- **PROBLEM DESCRIPTION**:
Word for word, copy out every line of the records, omitting each picture.

#####

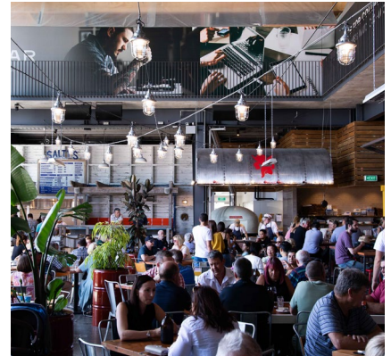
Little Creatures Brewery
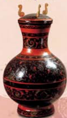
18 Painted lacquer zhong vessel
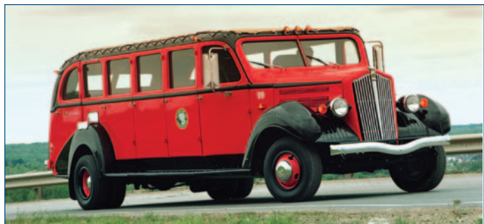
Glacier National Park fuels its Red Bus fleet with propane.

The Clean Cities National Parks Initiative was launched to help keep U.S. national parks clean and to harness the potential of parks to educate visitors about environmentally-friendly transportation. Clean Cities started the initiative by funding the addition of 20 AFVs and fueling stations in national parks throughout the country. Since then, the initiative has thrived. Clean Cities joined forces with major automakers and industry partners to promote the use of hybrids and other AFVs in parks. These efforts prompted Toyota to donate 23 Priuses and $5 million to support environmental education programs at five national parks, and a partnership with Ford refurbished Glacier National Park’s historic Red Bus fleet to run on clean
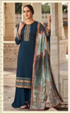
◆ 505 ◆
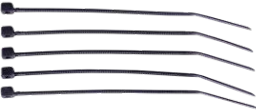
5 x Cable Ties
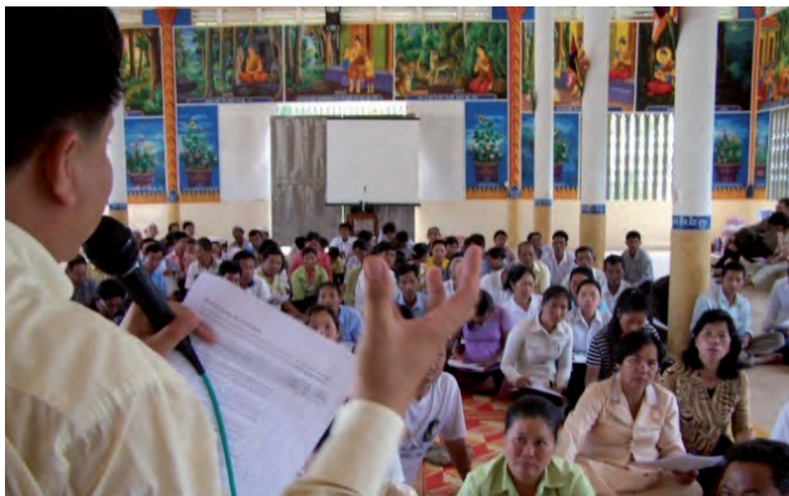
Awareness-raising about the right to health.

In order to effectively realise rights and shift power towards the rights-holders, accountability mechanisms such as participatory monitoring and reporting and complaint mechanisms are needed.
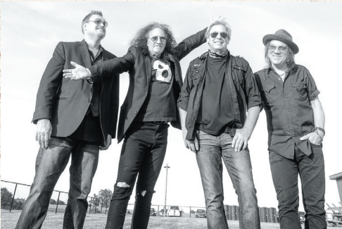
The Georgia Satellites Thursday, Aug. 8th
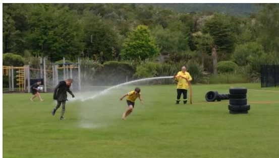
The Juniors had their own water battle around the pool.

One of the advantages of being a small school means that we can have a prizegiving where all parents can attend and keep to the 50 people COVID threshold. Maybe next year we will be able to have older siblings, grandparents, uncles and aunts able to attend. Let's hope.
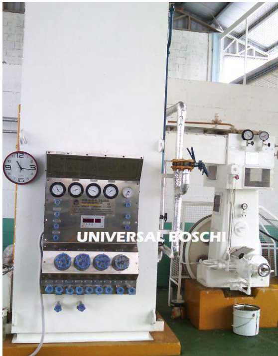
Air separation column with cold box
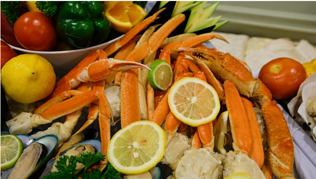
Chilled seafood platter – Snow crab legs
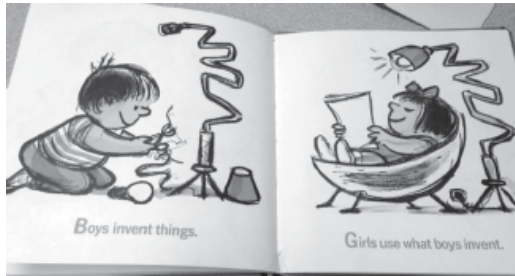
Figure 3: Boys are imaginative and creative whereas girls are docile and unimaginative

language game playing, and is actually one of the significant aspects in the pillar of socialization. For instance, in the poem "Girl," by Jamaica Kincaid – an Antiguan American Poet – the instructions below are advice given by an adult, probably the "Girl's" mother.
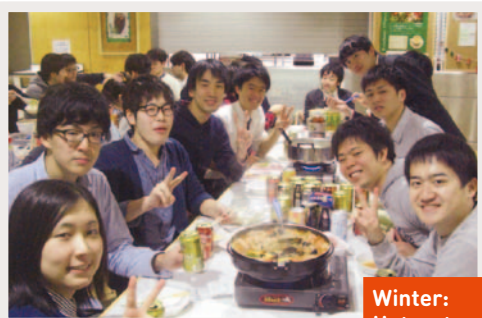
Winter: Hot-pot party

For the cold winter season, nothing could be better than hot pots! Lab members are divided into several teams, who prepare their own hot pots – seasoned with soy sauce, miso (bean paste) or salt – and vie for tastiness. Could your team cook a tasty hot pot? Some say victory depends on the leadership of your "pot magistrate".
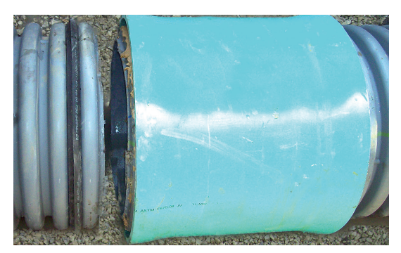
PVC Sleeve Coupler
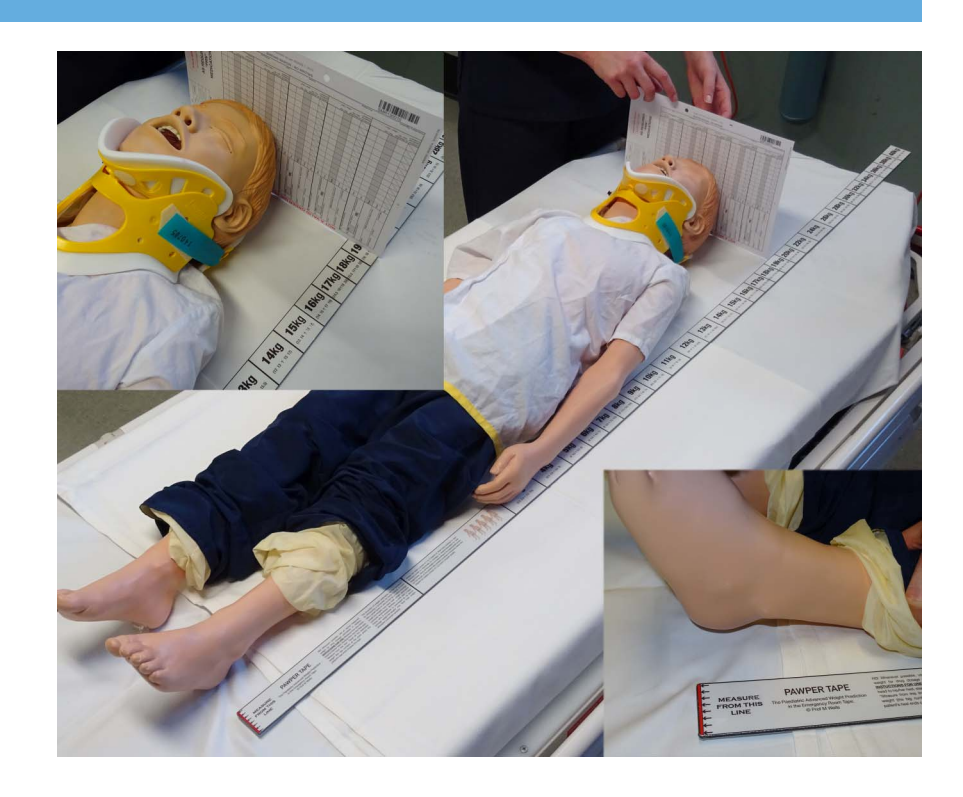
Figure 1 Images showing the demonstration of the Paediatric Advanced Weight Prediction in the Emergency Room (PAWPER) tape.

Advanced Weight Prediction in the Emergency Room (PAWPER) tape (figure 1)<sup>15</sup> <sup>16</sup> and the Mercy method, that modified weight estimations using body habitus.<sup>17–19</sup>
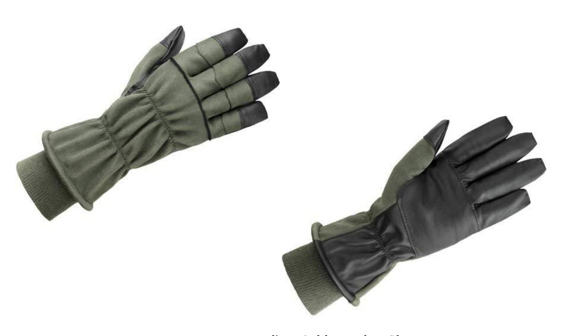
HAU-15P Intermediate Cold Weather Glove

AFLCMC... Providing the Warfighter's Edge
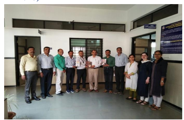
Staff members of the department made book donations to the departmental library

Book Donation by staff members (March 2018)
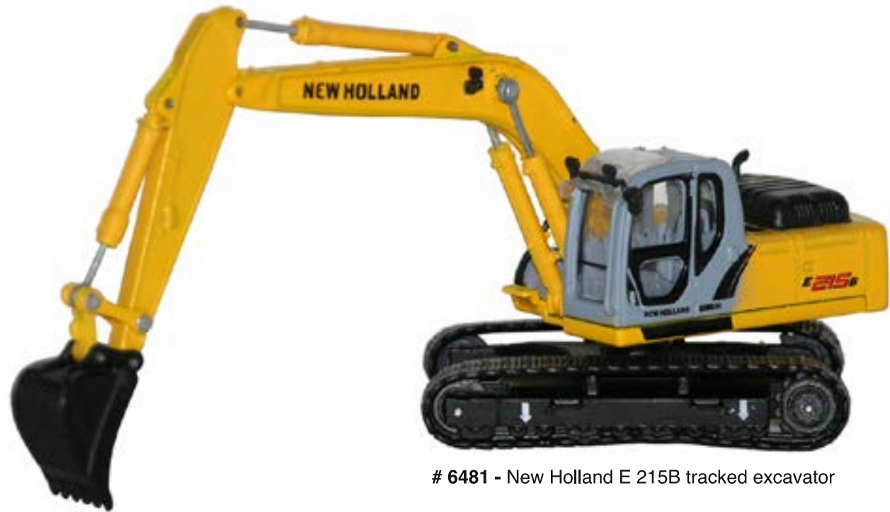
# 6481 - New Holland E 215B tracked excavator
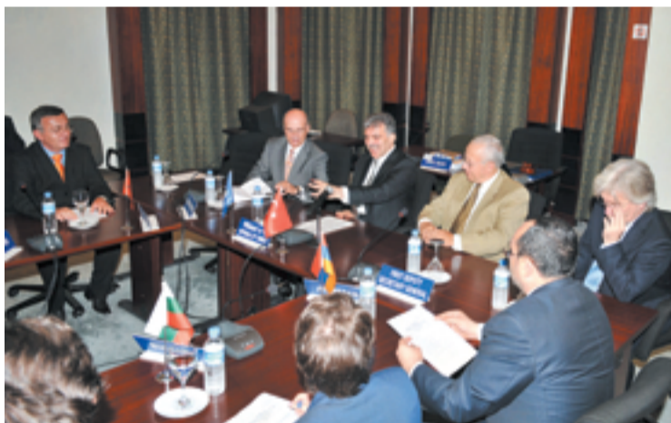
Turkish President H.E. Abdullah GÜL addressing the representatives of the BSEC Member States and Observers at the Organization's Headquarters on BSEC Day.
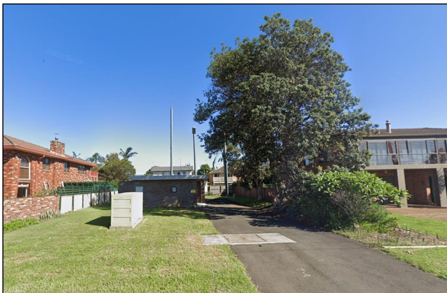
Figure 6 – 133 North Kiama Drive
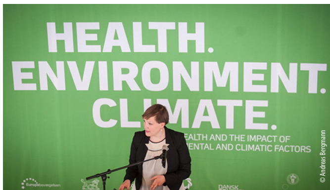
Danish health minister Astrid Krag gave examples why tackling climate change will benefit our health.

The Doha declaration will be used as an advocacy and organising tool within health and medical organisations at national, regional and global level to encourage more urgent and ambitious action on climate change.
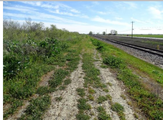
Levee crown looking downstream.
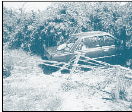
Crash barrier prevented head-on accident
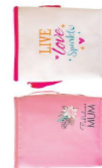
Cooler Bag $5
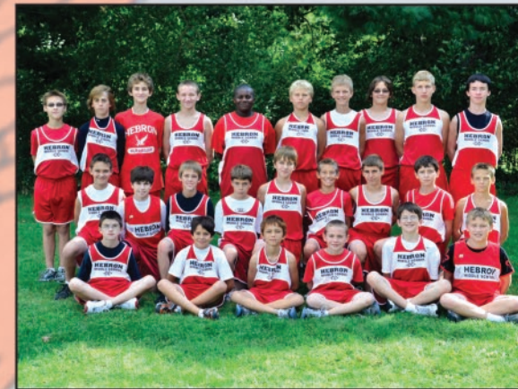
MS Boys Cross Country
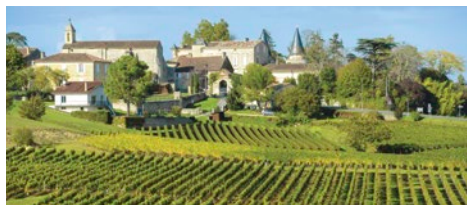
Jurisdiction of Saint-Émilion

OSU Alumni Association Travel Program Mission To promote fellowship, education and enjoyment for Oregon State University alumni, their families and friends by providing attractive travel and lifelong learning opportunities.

#####

- **WRITTEN RESPONSE**:
Little Creatures Brewery
18 Painted lacquer zhong vessel
Glacier National Park fuels its Red Bus fleet with propane.

The Clean Cities National Parks Initiative was launched to help keep U.S. national parks clean and to harness the potential of parks to educate visitors about environmentally-friendly transportation. Clean Cities started the initiative by funding the addition of 20 AFVs and fueling stations in national parks throughout the country. Since then, the initiative has thrived. Clean Cities joined forces with major automakers and industry partners to promote the use of hybrids and other AFVs in parks. These efforts prompted Toyota to donate 23 Priuses and $5 million to support environmental education programs at five national parks, and a partnership with Ford refurbished Glacier National Park’s historic Red Bus fleet to run on clean
◆ 505 ◆
5 x Cable Ties
Awareness-raising about the right to health.

In order to effectively realise rights and shift power towards the rights-holders, accountability mechanisms such as participatory monitoring and reporting and complaint mechanisms are needed.
The Georgia Satellites Thursday, Aug. 8th
The Juniors had their own water battle around the pool.

One of the advantages of being a small school means that we can have a prizegiving where all parents can attend and keep to the 50 people COVID threshold. Maybe next year we will be able to have older siblings, grandparents, uncles and aunts able to attend. Let's hope.
Air separation column with cold box
Chilled seafood platter – Snow crab legs
Figure 3: Boys are imaginative and creative whereas girls are docile and unimaginative

language game playing, and is actually one of the significant aspects in the pillar of socialization. For instance, in the poem "Girl," by Jamaica Kincaid – an Antiguan American Poet – the instructions below are advice given by an adult, probably the "Girl's" mother.
Winter: Hot-pot party

For the cold winter season, nothing could be better than hot pots! Lab members are divided into several teams, who prepare their own hot pots – seasoned with soy sauce, miso (bean paste) or salt – and vie for tastiness. Could your team cook a tasty hot pot? Some say victory depends on the leadership of your "pot magistrate".
PVC Sleeve Coupler
Figure 1 Images showing the demonstration of the Paediatric Advanced Weight Prediction in the Emergency Room (PAWPER) tape.

Advanced Weight Prediction in the Emergency Room (PAWPER) tape (figure 1)<sup>15</sup> <sup>16</sup> and the Mercy method, that modified weight estimations using body habitus.<sup>17–19</sup>
HAU-15P Intermediate Cold Weather Glove

AFLCMC... Providing the Warfighter's Edge
Staff members of the department made book donations to the departmental library

Book Donation by staff members (March 2018)
# 6481 - New Holland E 215B tracked excavator
Turkish President H.E. Abdullah GÜL addressing the representatives of the BSEC Member States and Observers at the Organization's Headquarters on BSEC Day.
Figure 6 – 133 North Kiama Drive
Danish health minister Astrid Krag gave examples why tackling climate change will benefit our health.

The Doha declaration will be used as an advocacy and organising tool within health and medical organisations at national, regional and global level to encourage more urgent and ambitious action on climate change.
Levee crown looking downstream.
Crash barrier prevented head-on accident
Cooler Bag $5
MS Boys Cross Country
Jurisdiction of Saint-Émilion

OSU Alumni Association Travel Program Mission To promote fellowship, education and enjoyment for Oregon State University alumni, their families and friends by providing attractive travel and lifelong learning opportunities.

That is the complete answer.